How I Vet a Group Tour in Ten Minutes
Group size first. Under 16 is workable, over 25 is a factory tour where you’ll spend half the trip waiting for the slow eaters. Single supplement waiver second—if the operator can’t waive it, they aren’t really set up for solo travelers. Recent negative reviews third, because the bottom of the rating spread is where the real information lives. Refund policy fourth, before you wire any deposit. And finally, response time when you ask a pre-booking question—that’s how they’ll respond when day six goes sideways.

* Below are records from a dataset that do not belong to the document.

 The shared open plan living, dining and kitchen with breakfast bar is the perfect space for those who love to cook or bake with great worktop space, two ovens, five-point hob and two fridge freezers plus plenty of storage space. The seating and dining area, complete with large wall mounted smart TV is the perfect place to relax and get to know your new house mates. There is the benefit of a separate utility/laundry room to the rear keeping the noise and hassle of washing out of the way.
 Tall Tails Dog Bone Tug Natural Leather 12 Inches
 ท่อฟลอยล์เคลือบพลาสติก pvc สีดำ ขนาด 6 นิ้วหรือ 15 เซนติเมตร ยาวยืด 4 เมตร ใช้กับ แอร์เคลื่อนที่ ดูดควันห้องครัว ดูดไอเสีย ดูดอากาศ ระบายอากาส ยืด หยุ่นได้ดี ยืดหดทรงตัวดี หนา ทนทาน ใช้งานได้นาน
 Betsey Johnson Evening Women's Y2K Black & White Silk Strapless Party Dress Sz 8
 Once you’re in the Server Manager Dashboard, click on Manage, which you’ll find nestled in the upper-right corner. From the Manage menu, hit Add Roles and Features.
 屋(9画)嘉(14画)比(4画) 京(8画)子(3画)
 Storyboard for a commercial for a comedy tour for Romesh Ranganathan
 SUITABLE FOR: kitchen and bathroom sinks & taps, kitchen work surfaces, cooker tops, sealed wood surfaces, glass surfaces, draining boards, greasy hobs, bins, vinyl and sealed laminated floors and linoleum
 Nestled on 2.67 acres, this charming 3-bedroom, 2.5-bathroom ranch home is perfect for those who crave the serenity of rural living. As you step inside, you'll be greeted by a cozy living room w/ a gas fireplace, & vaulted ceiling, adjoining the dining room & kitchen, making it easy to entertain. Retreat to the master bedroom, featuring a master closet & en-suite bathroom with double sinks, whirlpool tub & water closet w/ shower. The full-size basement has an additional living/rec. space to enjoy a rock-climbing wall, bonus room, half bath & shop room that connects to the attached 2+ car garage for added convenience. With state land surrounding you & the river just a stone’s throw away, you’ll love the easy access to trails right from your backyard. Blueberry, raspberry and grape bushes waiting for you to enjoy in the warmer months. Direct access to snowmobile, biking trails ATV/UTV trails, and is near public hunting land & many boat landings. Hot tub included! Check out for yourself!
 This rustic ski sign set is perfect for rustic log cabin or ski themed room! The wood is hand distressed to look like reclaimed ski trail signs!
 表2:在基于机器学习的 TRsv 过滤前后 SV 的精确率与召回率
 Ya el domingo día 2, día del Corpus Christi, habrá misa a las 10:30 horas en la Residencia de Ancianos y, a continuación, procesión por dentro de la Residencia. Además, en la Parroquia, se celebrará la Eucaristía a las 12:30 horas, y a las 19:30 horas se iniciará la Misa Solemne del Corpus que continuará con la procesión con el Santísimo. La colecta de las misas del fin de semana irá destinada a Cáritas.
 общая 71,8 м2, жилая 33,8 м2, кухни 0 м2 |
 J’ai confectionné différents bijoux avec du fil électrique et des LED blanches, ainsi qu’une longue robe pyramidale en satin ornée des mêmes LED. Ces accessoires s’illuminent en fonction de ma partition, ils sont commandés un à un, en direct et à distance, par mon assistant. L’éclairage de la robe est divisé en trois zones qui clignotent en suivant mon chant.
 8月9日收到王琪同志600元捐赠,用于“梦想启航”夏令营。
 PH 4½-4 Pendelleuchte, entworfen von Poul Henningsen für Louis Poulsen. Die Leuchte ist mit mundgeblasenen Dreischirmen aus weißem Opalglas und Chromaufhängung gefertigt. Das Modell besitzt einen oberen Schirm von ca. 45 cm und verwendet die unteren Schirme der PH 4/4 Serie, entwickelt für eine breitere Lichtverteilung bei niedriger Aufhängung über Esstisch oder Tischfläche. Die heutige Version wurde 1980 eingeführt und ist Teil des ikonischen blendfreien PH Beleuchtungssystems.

This vetting also surfaces destinations I’d flag for group travel even when they aren’t in my Big Four. Egypt fits that mold—heavy multi-city logistics across Cairo, Luxor and Aswan, plus periodic security advisories that make a vetted operator less wasteful than going it alone. But its a different category from the four above. Egypt rewards the careful solo traveler too.
Five Questions People Actually Ask
Are group tours ever the right call outside these four places? Sometimes. Multi-country East Africa safaris and Patagonia trekking circuits often work better in a group because the logistics are heavy. Most other places, no.
What about luxury group tours? Operators like Abercrombie & Kent and Tauck do high-end versions with smaller groups and better food. The math is different—you’re paying for time saved, not access. Worth it if your bandwidth is the constraint.
How small does small-group need to be? Sixteen or under for me. Twelve is better. Six feels private.
Is North Korea ethical to visit? That’s a personal question, not a logistics one. I won’t pretend the money trail is clean. Read what your operator publishes about hard-currency restrictions and decide.
What’s the single biggest mistake? Booking on price alone and skipping the single supplement check. The cheapest tour usually has the worst rooms and the largest groups. Pay up or stay solo.